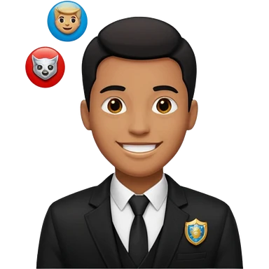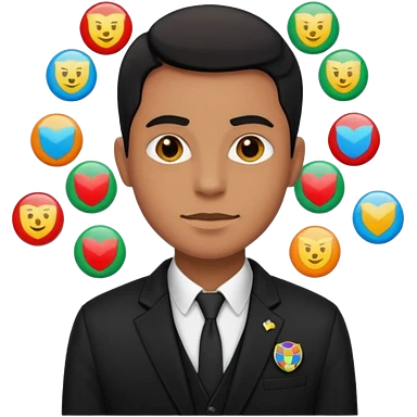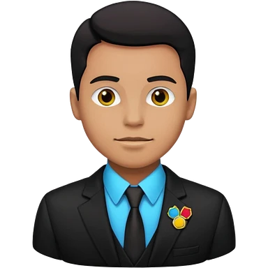 A MAN WEARING A BLACK BALZER AND HE HAVE SOME BADGES ON HIS BLAZER emoji
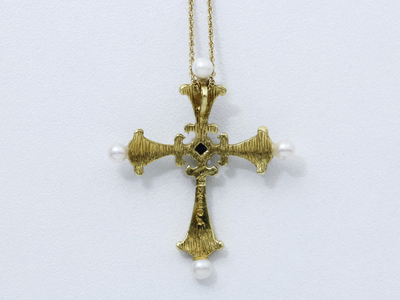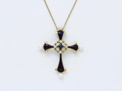 Pendentif en or 750 millièmes stylisant une croix émaillée, ponctuée de petits diamants brillantés, de 4 perles de culture et d'une pierre bleue. Il est retenu par une fine chaîne en or 750 millièmes, maille corde, avec fermoir anneau ressort. Poids
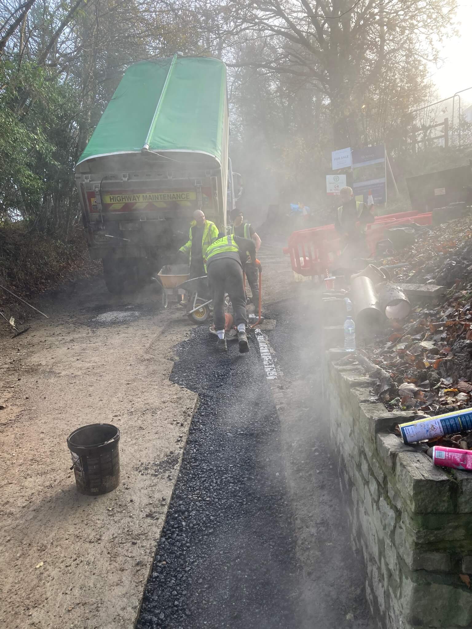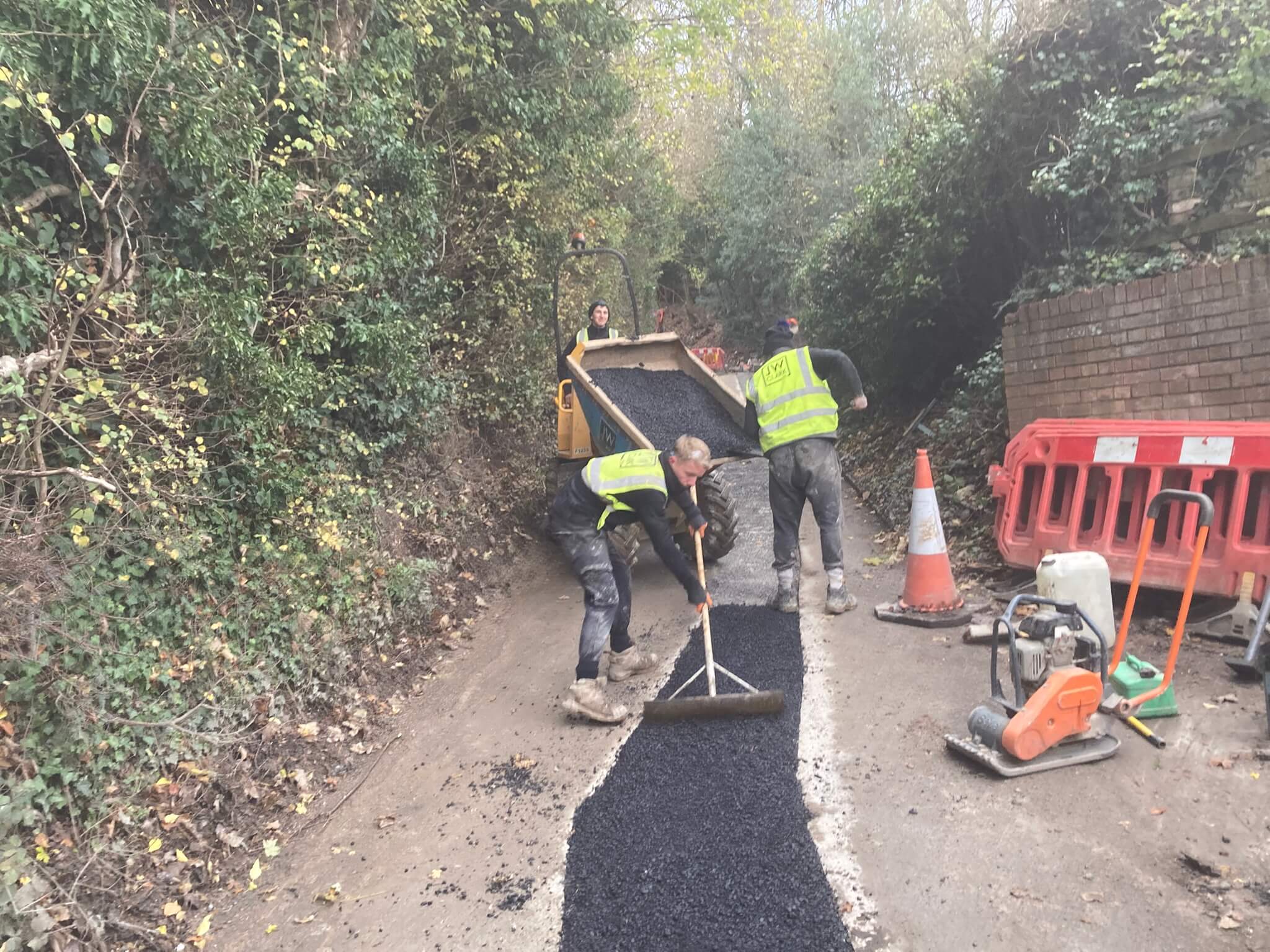 We started at the bottom of the hill and slowly worked our way up. We reinstated in sections, building manholes as we went and finishing with 150mm D400 manhole covers.

----

PROBLEM TO WORK ON >> Would you reproduce each line of the material exactly, omitting the images?

EXERCISE RESULT >>
 A MAN WEARING A BLACK BALZER AND HE HAVE SOME BADGES ON HIS BLAZER emoji
 Pendentif en or 750 millièmes stylisant une croix émaillée, ponctuée de petits diamants brillantés, de 4 perles de culture et d'une pierre bleue. Il est retenu par une fine chaîne en or 750 millièmes, maille corde, avec fermoir anneau ressort. Poids
 We started at the bottom of the hill and slowly worked our way up. We reinstated in sections, building manholes as we went and finishing with 150mm D400 manhole covers.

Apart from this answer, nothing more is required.